La première consistait à remplacer la dose d'alun par la quantité d'ADN que les cellules auraient relâchée
en présence de cet adjuvant. « On a pu observer que l'intensité de la réponse humorale était quasiment la
même que lorsque le vaccin contient de l'alun. Cela signifie que l'ADN lui-même booste très fort le système
immunitaire », explique le chercheur. La seconde expérience visait à observer l'effet de la suppression
de l'ADN libre sur l'efficacité du vaccin. Pour ce faire les scientifiques ont injecté chez des souris de l'alun
mais également de la DNase, une enzyme qui dégrade l'ADN lorsqu'il se trouve à l'extérieur des cellules.
Résultat : « Là on perdait la réponse immunitaire ! », révèle Christophe Desmet.
Ces travaux, menés en collaboration avec des chercheurs japonais de l'université d'Osaka, font l'objet
d'une publication dans la revue Nature Medicine (2). La découverte de cet acteur inattendu qu'est notre
ADN dans la vaccination permet d'une part de mieux comprendre le fonctionnement des vaccins actuels.

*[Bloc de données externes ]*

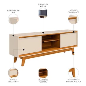 O Rack Bancada de 70 Pol 164cm Gaia M01 Off/Cinamomo, da Mpozenato, combina funcionalidade e sofisticação para transformar sua Sala de Estar.
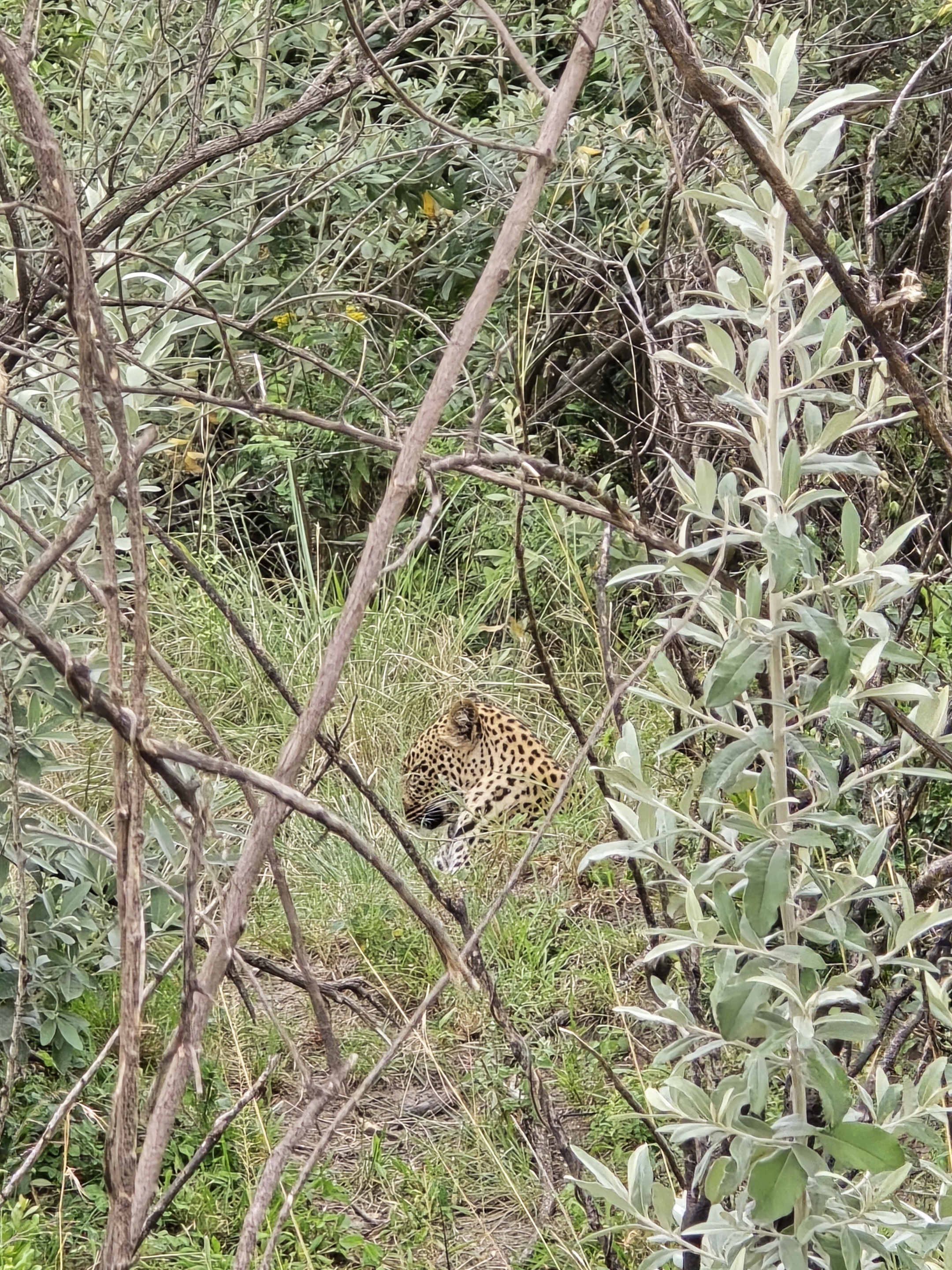 Сафари — очень азартное занятие, это охота, но глазами. Водитель включил рацию, и постоянно переговариваясь, куда-то полетел. По дороге мы остановились посмотреть на зебр, буйволов, жирафов, сказочно прекрасных. Но нас ждал ОН! Далеко у дерева столпилось пара десятков джипов. Видите — сказал гид — леопард затащил на ветки антилопу, поужинал, и пошёл куда- то отдохнуть. Джипы окружили овраг, заросший кустами. Он тут! Перед кустами стояла пара джипов, туристы щёлкали затворами камер, джип освободил нам место и мы встали на точку. В кустарнике, мало различимый, лежал леопард, была видна только голова. «Леопарды скрытные одиночные животные, их очень сложно найти. Они терпеть не могут шум, и не выходят и укрытия. Нам повезло». Одна галочка была поставлена.

D'autre part, elle devrait aider à la création de nouveaux adjuvants à l'action très ciblée et efficace pour les
vaccins du futur.
(1) Thomas Marichal, Denis Bedoret, Claire Mesnil, Muriel Pichavant, Stanislas Goriely, François Trottein,
Didier Cataldo, Michel Goldman, Pierre Lekeux, Fabrice Bureau & Christophe J Desmet. Interferon response
factor 3 is essential for house dust mite-induced airway allergy. J Allergy Clin Immunol 2010 Jul 29.
(2) Thomas Marichal, Keiichi Ohata, Denis Bedoret, Claire Mesnil, Catherine Sabatel, Kouji Kobiyama, Pierre
Lekeux, Cevayir Coban, Shizuo Akira, Ken J Ishii, Fabrice Bureau & Christophe J Desmet. DNA released from
dying host cells mediates aluminum adjuvant activity. Nat Med. 2011 Jul 17.